Georgie had a flashback to years long since gone. She remembered Uncle Jack, his friendly smile, dark hair, and gold eyes.
“Uncle Jack….that’s his father?”
“Uncle?” Nico looked at her in shock. “You called him uncle?”
Georgie nodded.
“He was around so much, he insisted. Once he brought his…son a long…”
The two locked gazes as they remembered the same memory.

~ +++ ~

Nicolas’ father held his hand tightly as they walked down a street in Upper Station.
“Dad, I don’t play with girls. They are too disagreeable, and never get their hands dirty.” He said.
His father laughed as he opened a white garden fence.
“You’ll like this girl. She’s just your age, and she loves to get her hands dirty.”
Nico’s eyes flew open at this impossible notion.
“Really? She would run around with me?”
“Of course! You just have to talk to her first.”
His father ruffled up his curls, before taking him around the back of a fancy house on King’s Street.
“Orville!” His father let go of his hand and embraced a man in a black fancy suit.
“Ah! There you are Jack, I wondered when you would be coming.” The man said with a friendly grin.
“Have I ever been late?”
“No, but you’ve been early before.”
The two laughed and Nico felt strangely out of place. But that’s when the motion of something behind the stranger caught his eye.
He saw a girl  peaking out from behind the man’s leg as her small hand clutched on his pant leg.
“So this is your son you talk so fondly of.” The man said upon noticing Nico.
“Yes, Nicolas, meet Uncle Orville.”
“Nicolas, this is my daughter, Georgiana.” the stranger moved aside, revealing the small girl who looked a bit shorter than himself, but the same age.
She looked at her father in fear, and then quickly back to the boy standing in front of her.
He glanced up at his father, who nodded encouragingly.

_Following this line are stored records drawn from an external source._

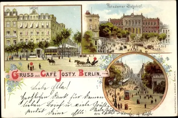 Litho Berlin Mitte, Café Josty, Potsdamer Bahnhof, Straßenpartie
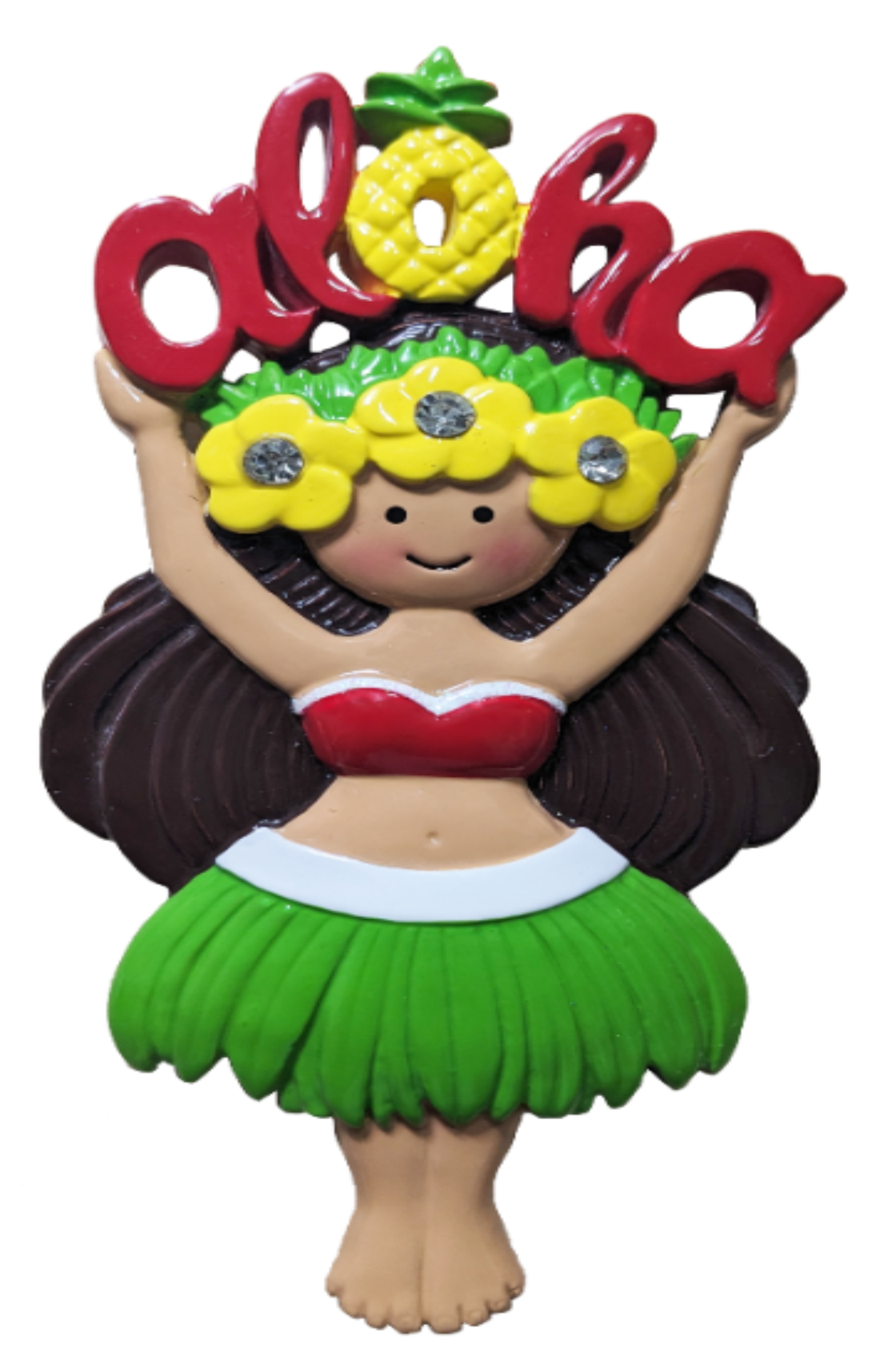 Celebrate the warmth and spirit of Hawai‘i with our vibrant Aloha Hula Girl Ornament, a tropical holiday favorite for over a decade! This cheerful hula dancer is dressed in a classic red bandeau top and green grass skirt, crowned with a yellow plumeria flower lei and sparkling rhinestones. She proudly holds a bold “aloha” sign accented with a pineapple — the ultimate symbol of hospitality and Hawaiian charm.
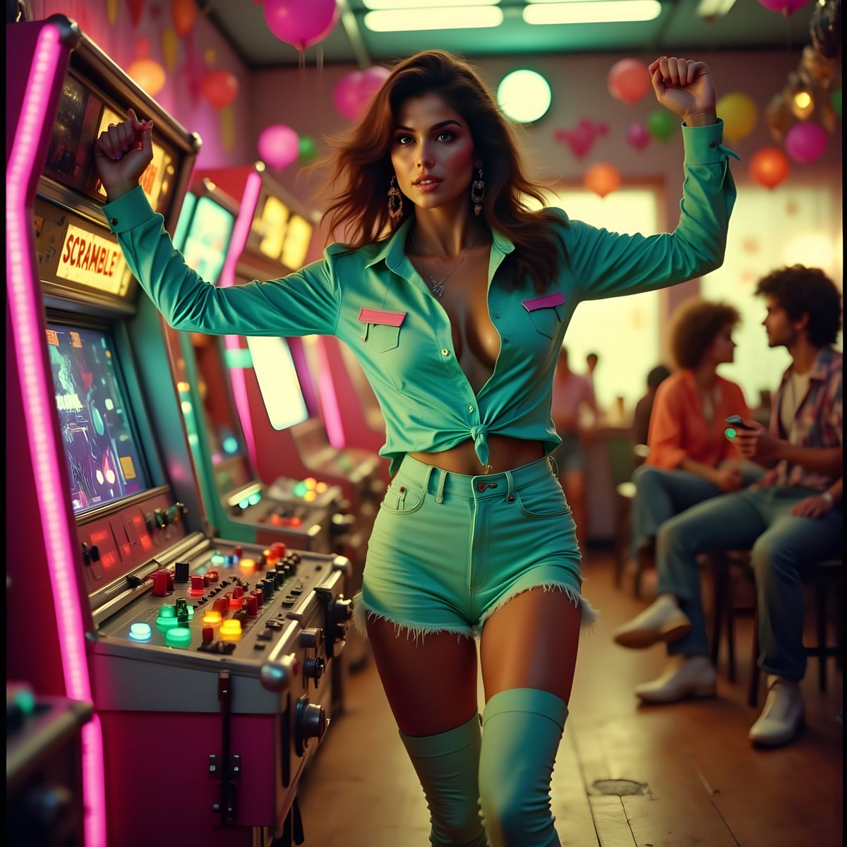 This image captures a teenage girl, inspired by 1980s fashion, dancing triumphantly in a video arcade. She wears a teal new wave dress and tan pantyhose, with vibrant colors and sharp details that evoke a sense of high-energy nostalgia.
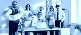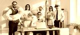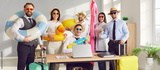 Happy business team ready for their summer vacation together. Group of cheerful, smiling coworkers with holiday bags, funny beach toys, sun hats and sunglasses by desk in office workplace
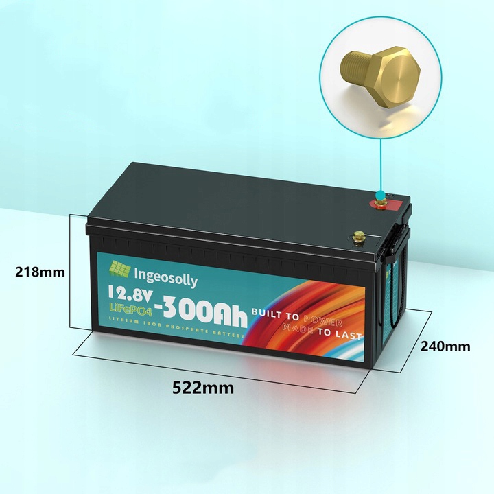 - Більш легка вага - акумулятор LifePO4 300AH важить приблизно на 18 кг менше, ніж його аналог у кислотній технології та пропонує 100% корисну здатність і адаптується до циклічної роботи та глибокого розряду. Життєвий час - понад 4000 циклів, зберігаючи 80% номінальної потужності, таким чином гарантуючи понад 10 років роботи та завдяки низькому фактору самовироблення.
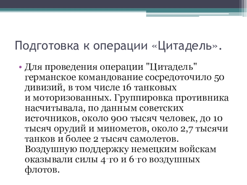советских источников, около 900 тысяч человек, до 10 тысяч орудий и минометов, около 2,7 тысячи танков и более 2 тысяч самолетов. Воздушную поддержку немецким войскам оказывали силы 4‑го и 6‑го воздушных флотов.

He bowed formally, as he had seen his father do to his mother, and the girl giggled slightly, before curtsying back at him.
“How do you do miss?” he asked politely.
“I’m fine thank you.”
Then he couldn’t help himself.
“Do you want to play tag?”
The girl’s eyes brightened and she nodded eagerly.
“Oh yes please!”
He quickly ran past her, tapping her shoulder as he passed.
“Your it!”

~ +++ ~

“It was you! You were that little boy I played with when I was little.” Georgiana cried in recognition. She had been pondering over Mr. Howler since the other night. There was a feeling of remembrance but she couldn’t place where she might have seen him before. But now all the pieces fell into place.
“You were the only girl I knew that would play tag in your Sunday best.” Nico confirmed. “Still are the only girl I know that would do that.”
Mr. Smith smiled as the children remembered each other.
Yes, everything would go just as planned.